The government’s search for investors to expand the plant, say activists, will result in increased pollution; the pumping of hot water into the sea, where it damages the delicate marine ecosystem; and a rise in coal-barge traffic, threatening the area’s reefs.
Pius said the three other proposed coal projects, all in Indonesian Borneo, were also of concern because they were mine-mouth plants, which meant that large swaths of forest would have to be cleared to accommodate them near existing coal mines.
Pius said projects with such big environmental concerns had no place on Indonesia’s investor pitch list, especially given that China itself was shutting down its coal plants and mines amid mounting concerns over air, water and soil pollution, and shifting to renewables.
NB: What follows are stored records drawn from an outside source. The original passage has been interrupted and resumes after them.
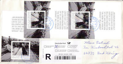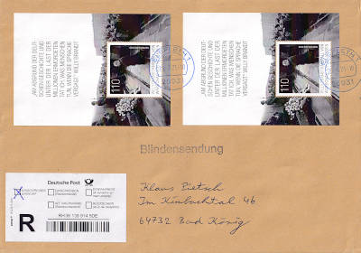 Inlandsblindensendung mit Einwurf-Einschreiben vom 25.05.2021 (10. Periode) frankiert mit 2 Blocks a 1,10 € (=2,20 €, 0 Blindensendung 2,20 Einwurf-Einschreiben) |
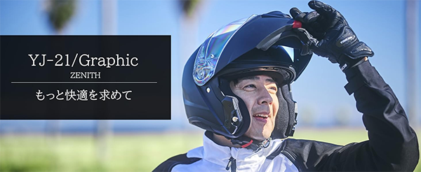 - YJ-21 ZENITHは、フリップアップ機能による利便性と、フルフェイスのようなスタイリッシュな外観を両立したモデルです。
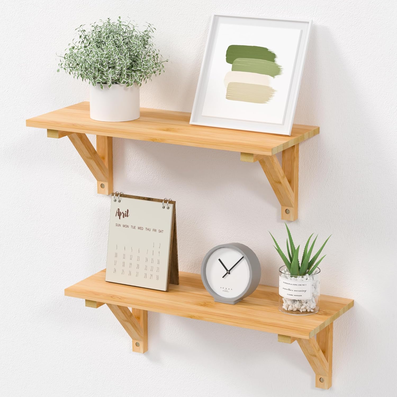 Set of 2 Hanging Wall Shelf, Rustic Wood Shelves for Bedroom (Bamboo)
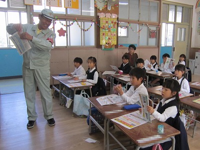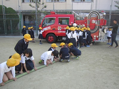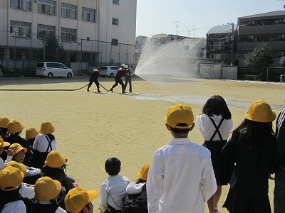 1・2年生は、2時間目は、地域の防災リーダーさんに手伝ってもらって、新聞紙を使った簡易スリッパづくりをしました。3時間目には、消防車がお運動場に登場です。消防隊の人からお話を聞いたり、放水も見ることができました。間近に消防車が見れて大興奮でです。
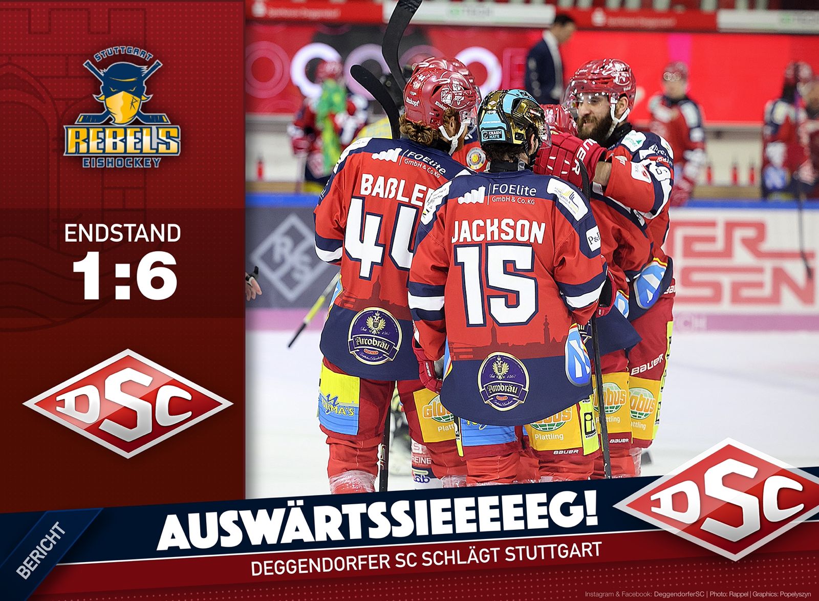 Der Deggendorfer SC sicherte sich am Sonntagabend beim Auswärtsspiel in Stuttgart alle drei Punkte. Mit einem deutlichen 1:6 bezwang das Team von Trainer Casey Fratkin die heimischen Rebels.
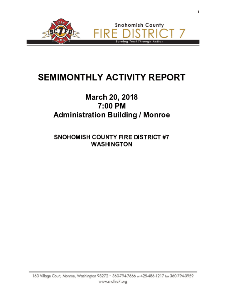 1SEMIMONTHLY ACTIVITY REPORT March 20, 2018 7:00 PM Administration Building / Monroe SNOHOMISH COUNTY FIRE DISTRICT #7 WASHINGTON2AGENDA3BOARD OF FIRE COMMISSIONERS REGULAR MEETING AGENDA Snohomish
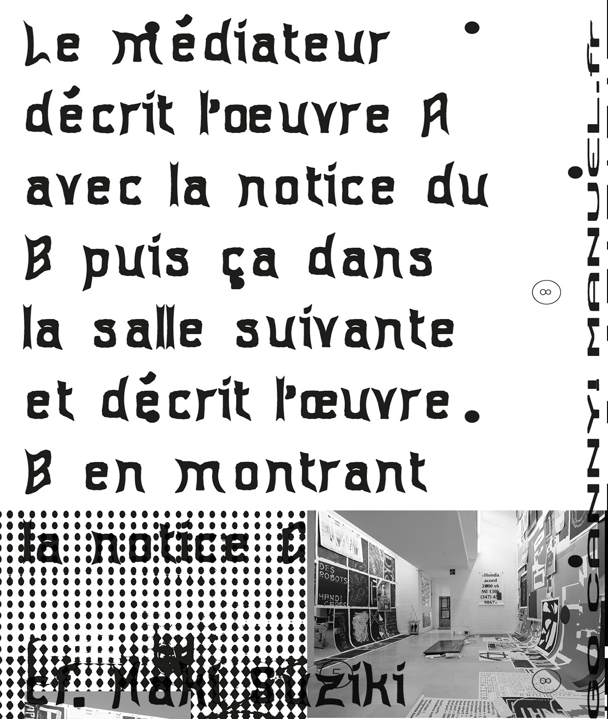 Dans le cadre de l’exposition GO CANNY! Poétique du sabotage à la Villa Arson, j’ai également été en charge de la direction artistique de cette exposition. Ma proposition et démarche artistique a été de pleinement saboter la communication visuelle. Ainsi, l’identité graphique et le catalogue ont été sabotés, rendant très complexe l’identification et la lisibilité de l’exposition.
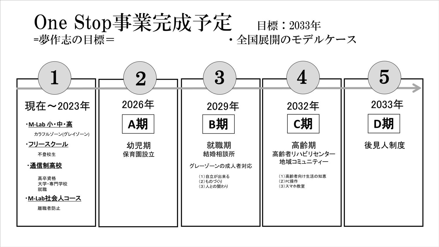 「生きづらさ」感じている、幼児期から高齢者までの相談・支援を夢作志一箇所で行える新規事業を展開予定。
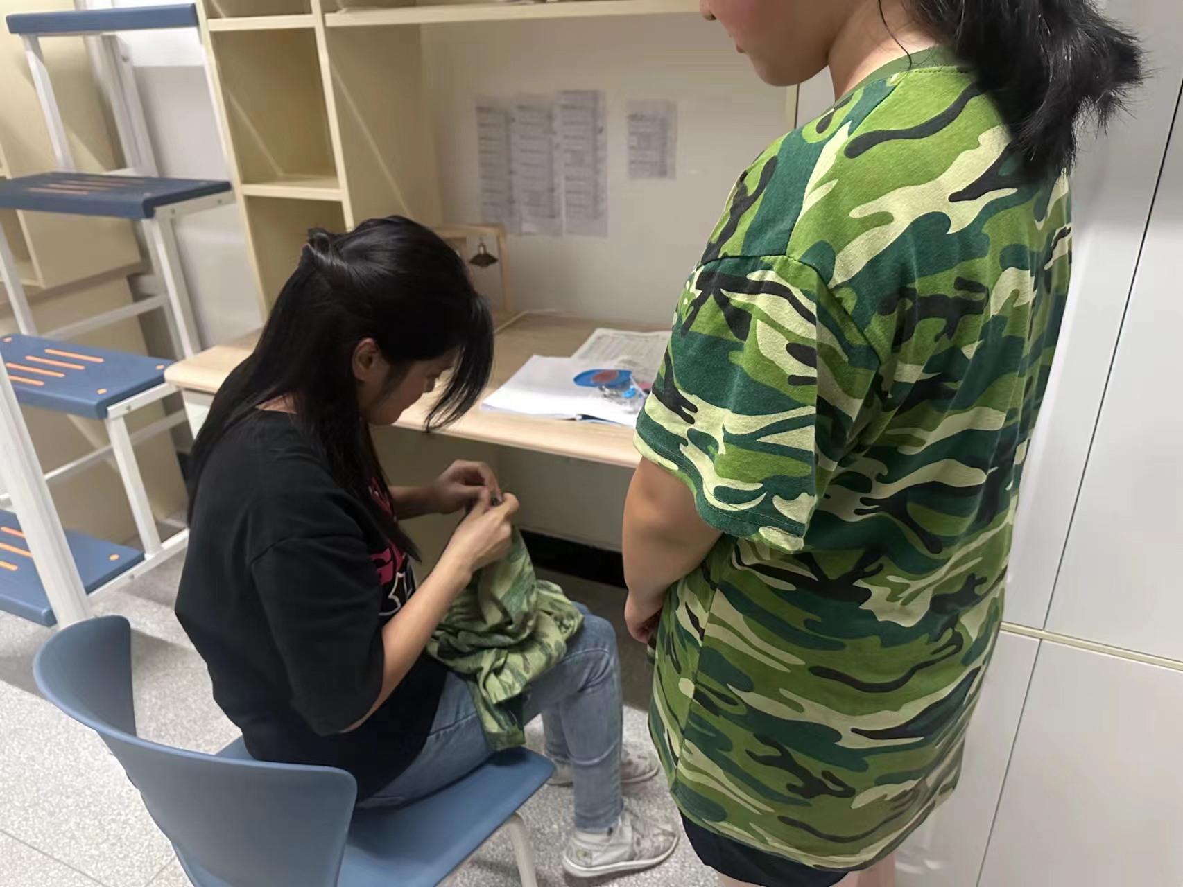 当同学们衣服破损时,他们细致缝补,传递着慈母般的爱
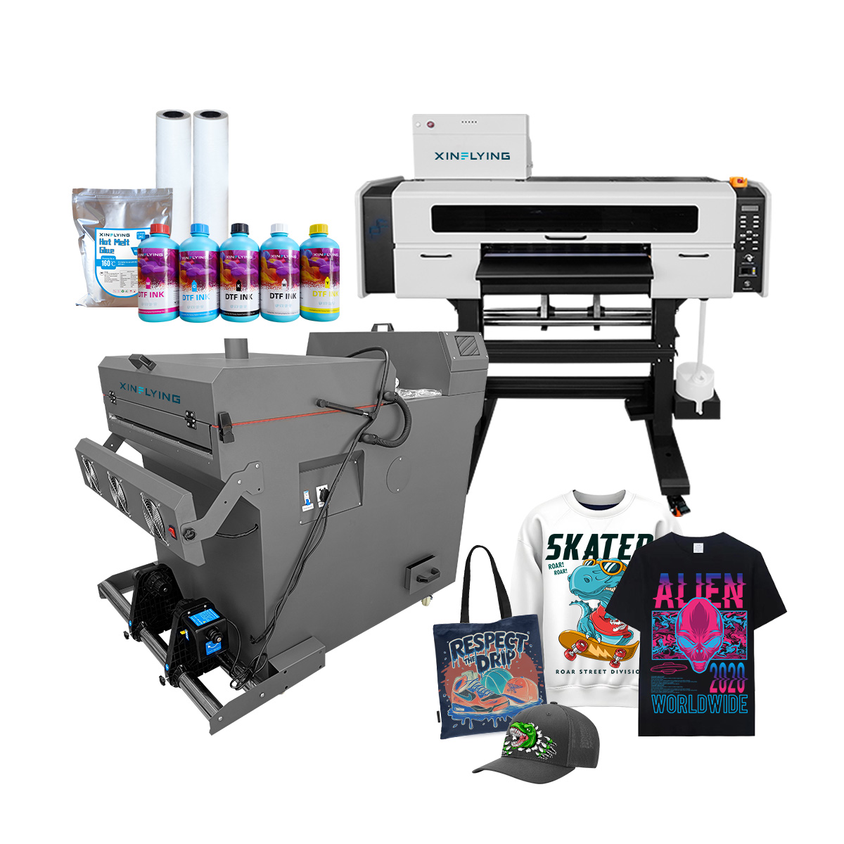 Utöka ditt företag med en komplett, helt integrerad DTF-utskriftslösning. Från professionella DTF-skrivare och automatiserade värmeöverföringssystem till högkvalitativa förbrukningsvaror, Xinflygning ger allt du behöver för att lansera och skala din DTF-verksamhet med förtroende.
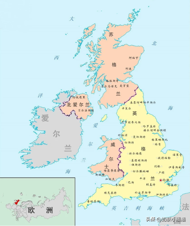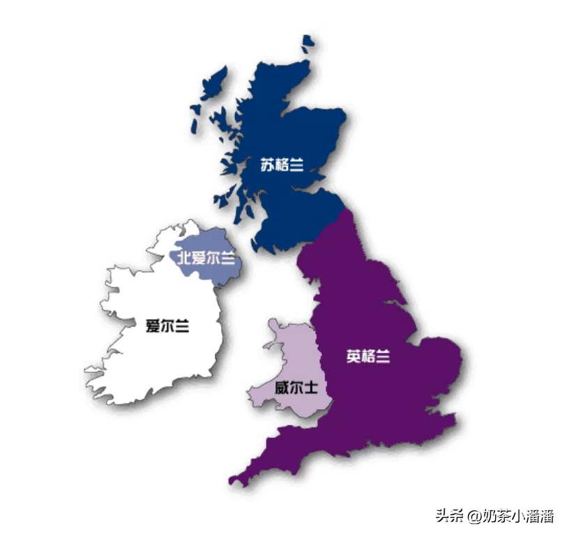 这会让人挠头,因为从地理上看,英国的本土只有一个半岛屿:不列颠岛的全部、爱尔兰岛的一部分即北爱尔兰。
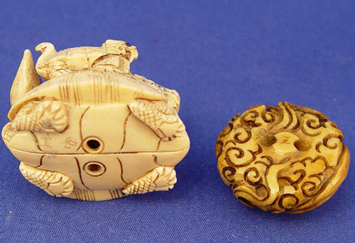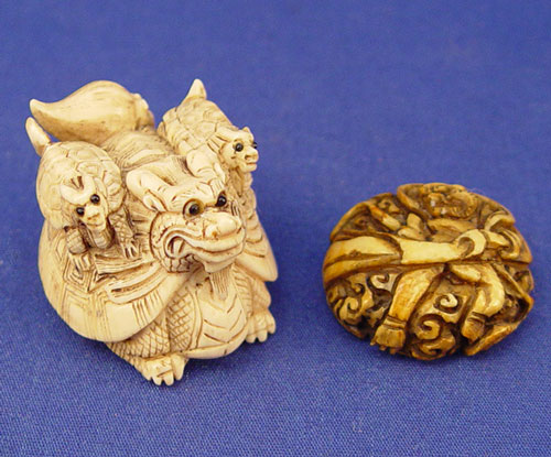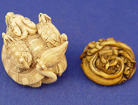 GROUP OF 2 CARVED IVORY NETSUKES: 1) Round demon, 3/8'' high x 1 1/4'' dia. 2) Dragon turtle 1 1/8'' high X 1 3/4'' wide. All signed by artist

China currently leads the world in mass production of solar panels and other clean energy technologies.
“At a time when coal is no longer competitive in China, Indonesia shouldn’t offer up investments for coal plants that have been abandoned by China itself,” Pius said. “The key is for the Indonesian government to not propose [coal projects]. If there’s no pitch, then China won’t invest in them.”
Conversely, he said, “When there’s an offer, of course China will take it.”
“With China’s economy slowing down, of course they’re going to find ways to boost their economy and absorb their labors,” he added.
CERA’s Adhityani said China should use its leadership in clean energy to invest in renewable power projects in Indonesia.
“Why are there no big-scale solar projects, or more daring renewable projects in strategic locations?” she said. “This is important because China’s investments can trigger change and grow our renewable industry.”
Banner image: A worker walking by rows of solar panels at the Kayubihi Power Plant in Bangli, Bali. The Kayubihi Power Plant is the only solar-powered plant operating in Bali out of a total of three plants. Image by Anton Muhajir/Mongabay Indonesia.